Using BUFFERS for query optimization

When doing query optimization work, it is natural to focus on timing data. If we want to speed up a query, we need to understand which parts are slow.

But timings have a few weaknesses:

  • They vary from run to run

  • They are dependent on the cache

  • Timings alone can hide efficiency issues — e.g. through parallelism

Don’t get me wrong, I still think timings are very important for query tuning, but in this article we’re going to explore how you can complement them with the amount of data read and/or written by a query, by using BUFFERS.

When people share stories of 1000x query speed-ups, they are usually a result of reading far less data overall (usually as a result of adding an index). In the world of performance, much like in the world of design, less is more.

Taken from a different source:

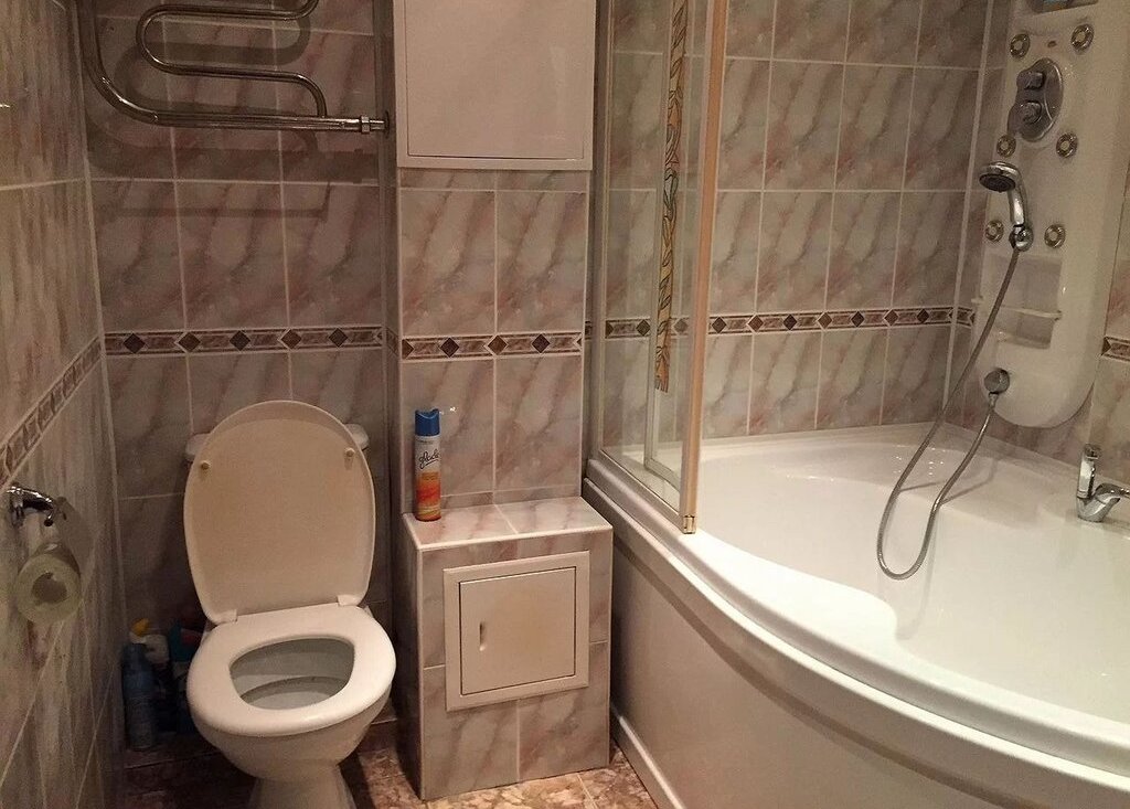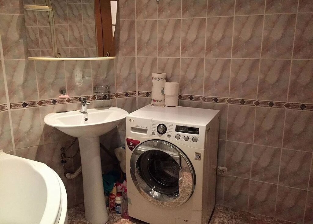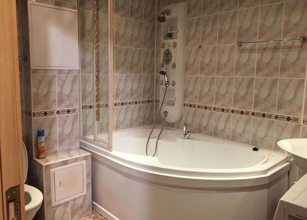 Санузел (5 кв.м.): большая угловая ванна, стиральная машина.

To see the amount of data read/written by a query you can use the buffers parameter, for example by prefixing your query with:

explain (analyze, buffers)

There is a growing movement to turn buffers on by default, which I’d personally love to see. If anyone reading is able to review the patch to do so, I’d be very grateful!

One downside of including this extra data is that many folks already find Postgres explain output difficult to interpret. As such, I thought it’d be helpful to recap what exactly the buffers numbers mean, and describe some simple ways you can use them.

What do the buffer statistics mean?

We’ve written about the buffers statistics before, but the short version is that each of them consists of two parts, a prefix and a suffix.

There are three prefixes:

  • Shared blocks contain data from normal tables and indexes.

  • Temp blocks contain short-term data used to calculate hashes, sorts, materialize operations, and similar.

  • Local blocks contain data from temporary tables and indexes (yes, this is quite confusing, given that there is also a prefix “Temp”).

And there are four suffixes:

  • Hit means that the block was found in the Postgres buffer cache.

  • Read blocks were missed in the Postgres buffer cache and had to be read from disk or the operating system cache.

  • Dirtied blocks have been modified by the query.

  • Written blocks have been evicted from the cache.

These “blocks” are by default 8kB pages, and almost nobody changes this. If you want to check yours, you can do so by running:

show block_size;

Let’s take a look at a simple example query plan with buffers:

explain (analyze, buffers, costs off) select id, email from people where email = '45678@gmail.com';

Index Scan using people_email on people (actual time=1.066..1.071 rows=1 loops=1)
  Index Cond: (email = '45678@gmail.com'::text)
  Buffers: shared hit=3 read=1
Planning Time: 0.179 ms
Execution Time: 1.108 ms

From the line starting with “Buffers:” we can tell that, for this index scan, 3 blocks were read from the Postgres buffer cache (shared hit) and 1 block was read from the operating system cache or disk (shared read).

So when can the buffers be useful?

The buffers statistics can be useful in a number of ways, here are the most common that I see and hear about:

  1. Spotting operations doing way more I/O than you expected

  2. Getting a sense of the total I/O of the query

  3. Spotting operations spilling to disk

  4. Signs of cache performance problems

Let’s have a look at each of these cases.

1. Spotting operations doing way more I/O than you expected

If an index is returning a few thousand rows, you might be surprised to see it reading tens or even hundreds of thousand of blocks. Assuming our blocks are 8kB, reading 100,000 blocks is almost 1 GB of data!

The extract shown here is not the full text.